Mit der Busfahrt funktioniert alles wunderbar und wir sind überpünktlich am Treffpunkt. Der Bus kommt etwas später - es handelt sich allerdings um keinen großen Bus so wie man ihn sonst vielleicht von Ausflügen kennt, sondern lediglich um einen kleinen weißen Shuttlebus, der von der Form etwas einen einem typischen amerikanischen Schulbus erinnert und platz für um die 25 Personen bietet. Als wir einsteigen, sind schon ein paar andere Touristen an Bord; auch sammeln wir noch weitere Mitreisende ein, deren Hotels anschließend ebenfalls noch auch der Route liegen.

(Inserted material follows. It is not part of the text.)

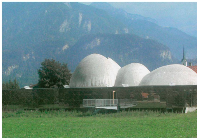
01-02 Steinkirche Cazis, Domleschg (GR): links geplant, rechts gebaut (Bilder: Werner Schmidt)

Im Grundsatz geht die sachenrechtliche Verfügungsfreiheit des Eigentümers eines Bauwerks dem urheberrechtlichen Werkintegritätsanspruch des Architekten vor. Dem Änderungsrecht der Bauherrschaft sind allerdings Schranken gesetzt – oder wie es das Gericht in einem spezifischen Fall bemerkte: «Der Bauherr darf viel – aber nicht alles.»

Die Fahrt zu den Everglades (bzw. zu unserem Ziel - die Everglades sind riesig!) dauert gut 45 Minuten und wir legen dabei knapp 80 Kilometer zurück. Im Hafen von Miami sehen wir im Vorbeifahren noch die Symphony of the Seas - über 300 Meter Länge, das größte Passagierschiff der Welt! Bis zu 6600 Gäste haben auf dem Schiff Platz... Was ein Koloss... Vielleicht zieht es uns ja auch irgendwann noch einmal auf ein solches schiff. Es ist schon echt beeindruckend.

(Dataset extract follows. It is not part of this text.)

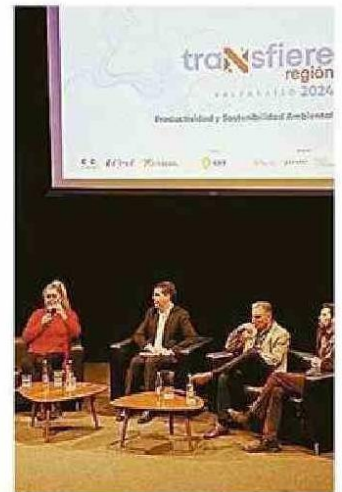
HUBO DIVERSAS EXPOSICIONES.

Auf der weiteren Fahrt Richtung Everglades werden wir darauf hingewiesen, dass es sehr heiß dort sein soll - das bewahrheitet sich Gottseidank bei Ankunft nicht, es ist ungefähr gleich warm und schwül wie in Miami auch. Zumindest fühlt es sich für uns so an. Wir bekommen nach Ankunft einen gelben Sticker, den wir sichtbar tragen müssen, und erhalten so Eintritt in die dortige Alligatorshow sowie die Möglichkeit einer Sumpfboot-Fahrt. Letzteres ist der erste Programmpunkt an diesem Morgen und soll eine gute Stunde dauern. Unsere Reisegruppe fürs Boot - nur Mitreisende aus dem Bus und wir - besteht aus 19 Personen und wir nehmen auf dem überdachten Boot Platz, die Fahrt in die Everglades geht los. Das Boot hat dabei nur wenige Zentimeter Tiefgang und wird von zwei riesigen Propellern angetrieben; über Lautsprecher erhalten wir Informationen zu den Tieren und Pflanzen.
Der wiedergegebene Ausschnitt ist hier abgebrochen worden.